» Exercise description
What is needed is an exact reproduction of the lines in the records below, starting at the line with "Ngôi nhà gồm" and ending at the line with "4. If uploading, select Click to add Image", both included, and nothing else; pictures stay out.

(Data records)
· · ·

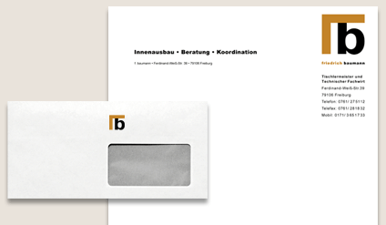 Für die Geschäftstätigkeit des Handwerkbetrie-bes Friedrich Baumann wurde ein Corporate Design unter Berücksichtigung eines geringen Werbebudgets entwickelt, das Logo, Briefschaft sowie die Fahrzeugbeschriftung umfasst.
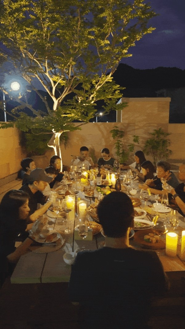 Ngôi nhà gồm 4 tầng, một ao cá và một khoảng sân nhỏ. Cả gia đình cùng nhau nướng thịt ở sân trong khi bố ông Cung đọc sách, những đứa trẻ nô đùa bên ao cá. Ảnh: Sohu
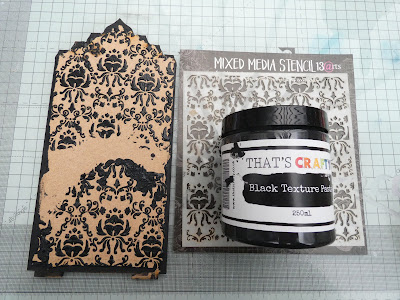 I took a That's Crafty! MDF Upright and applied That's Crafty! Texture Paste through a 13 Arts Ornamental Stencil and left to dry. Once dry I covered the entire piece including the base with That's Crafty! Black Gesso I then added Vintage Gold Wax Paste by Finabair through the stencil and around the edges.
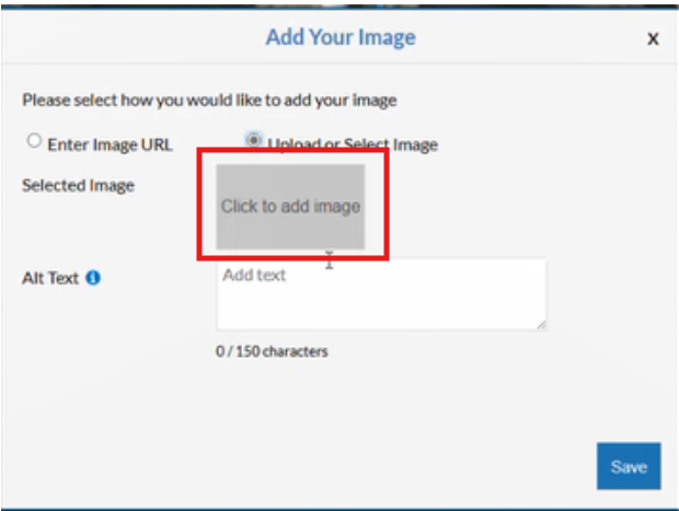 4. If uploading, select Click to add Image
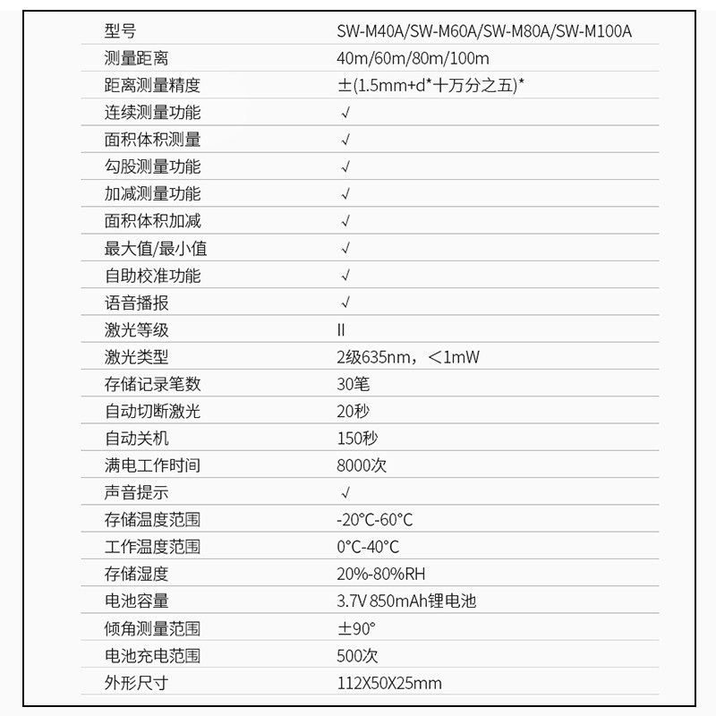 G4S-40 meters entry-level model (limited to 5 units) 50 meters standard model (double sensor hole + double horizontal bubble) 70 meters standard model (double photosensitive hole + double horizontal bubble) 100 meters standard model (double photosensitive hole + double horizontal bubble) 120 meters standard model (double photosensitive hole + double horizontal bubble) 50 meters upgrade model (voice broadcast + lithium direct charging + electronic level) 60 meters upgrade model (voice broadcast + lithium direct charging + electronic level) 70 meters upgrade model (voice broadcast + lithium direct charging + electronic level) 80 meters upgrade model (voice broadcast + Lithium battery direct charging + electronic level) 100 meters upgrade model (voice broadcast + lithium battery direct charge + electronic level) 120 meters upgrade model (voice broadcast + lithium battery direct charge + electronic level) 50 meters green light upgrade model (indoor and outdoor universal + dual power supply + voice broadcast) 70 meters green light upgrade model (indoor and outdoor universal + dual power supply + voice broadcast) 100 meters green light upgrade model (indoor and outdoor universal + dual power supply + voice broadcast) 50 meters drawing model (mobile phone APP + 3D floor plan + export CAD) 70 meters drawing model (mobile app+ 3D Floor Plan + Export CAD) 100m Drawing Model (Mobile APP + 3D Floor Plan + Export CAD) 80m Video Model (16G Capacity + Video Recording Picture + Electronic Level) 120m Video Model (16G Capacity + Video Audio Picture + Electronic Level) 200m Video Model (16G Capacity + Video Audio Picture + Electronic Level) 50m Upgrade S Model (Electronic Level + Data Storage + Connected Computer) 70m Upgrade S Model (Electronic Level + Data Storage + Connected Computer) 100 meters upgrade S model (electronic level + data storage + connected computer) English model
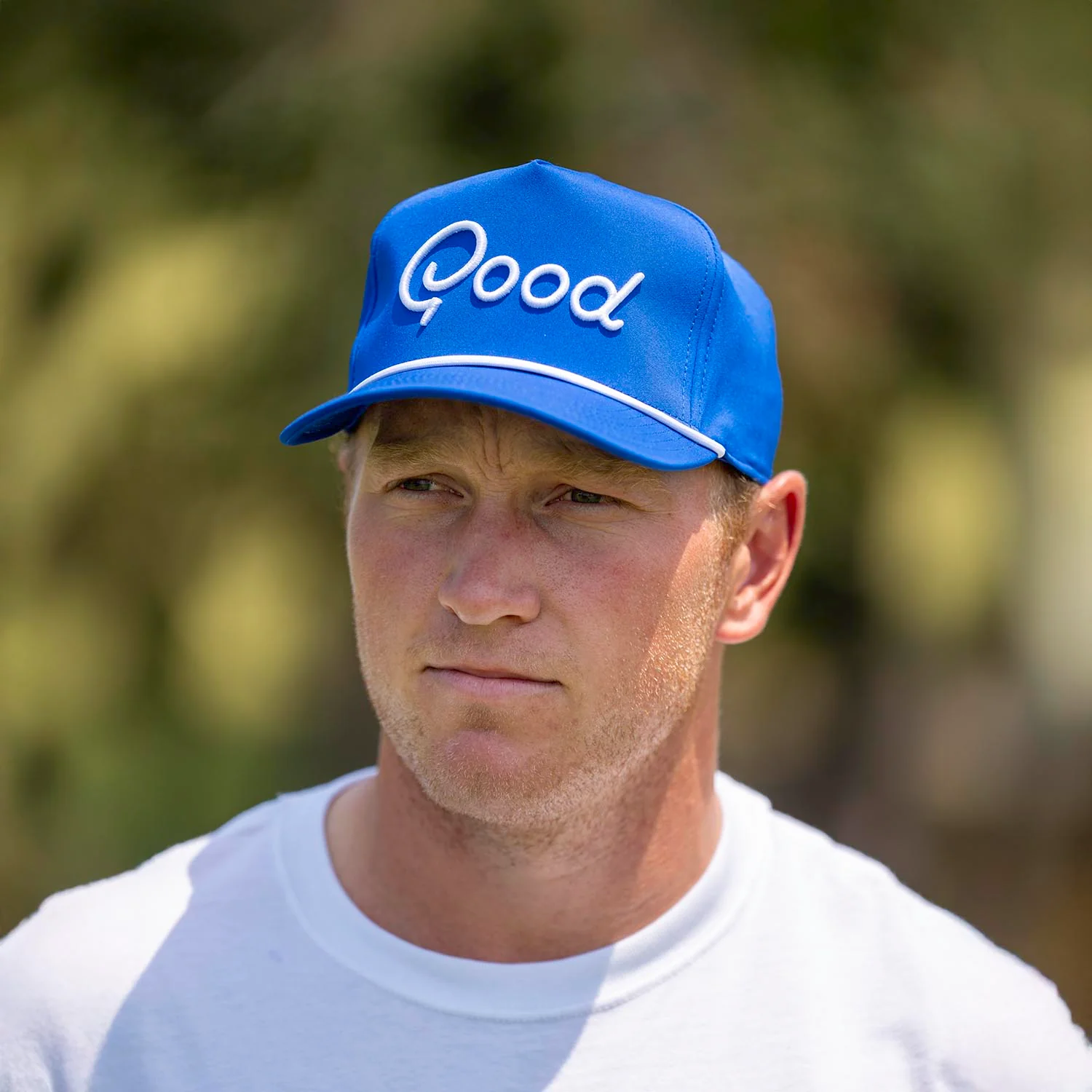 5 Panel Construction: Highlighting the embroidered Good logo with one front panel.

· · ·

» Answer
 Ngôi nhà gồm 4 tầng, một ao cá và một khoảng sân nhỏ. Cả gia đình cùng nhau nướng thịt ở sân trong khi bố ông Cung đọc sách, những đứa trẻ nô đùa bên ao cá. Ảnh: Sohu
 I took a That's Crafty! MDF Upright and applied That's Crafty! Texture Paste through a 13 Arts Ornamental Stencil and left to dry. Once dry I covered the entire piece including the base with That's Crafty! Black Gesso I then added Vintage Gold Wax Paste by Finabair through the stencil and around the edges.
 4. If uploading, select Click to add Image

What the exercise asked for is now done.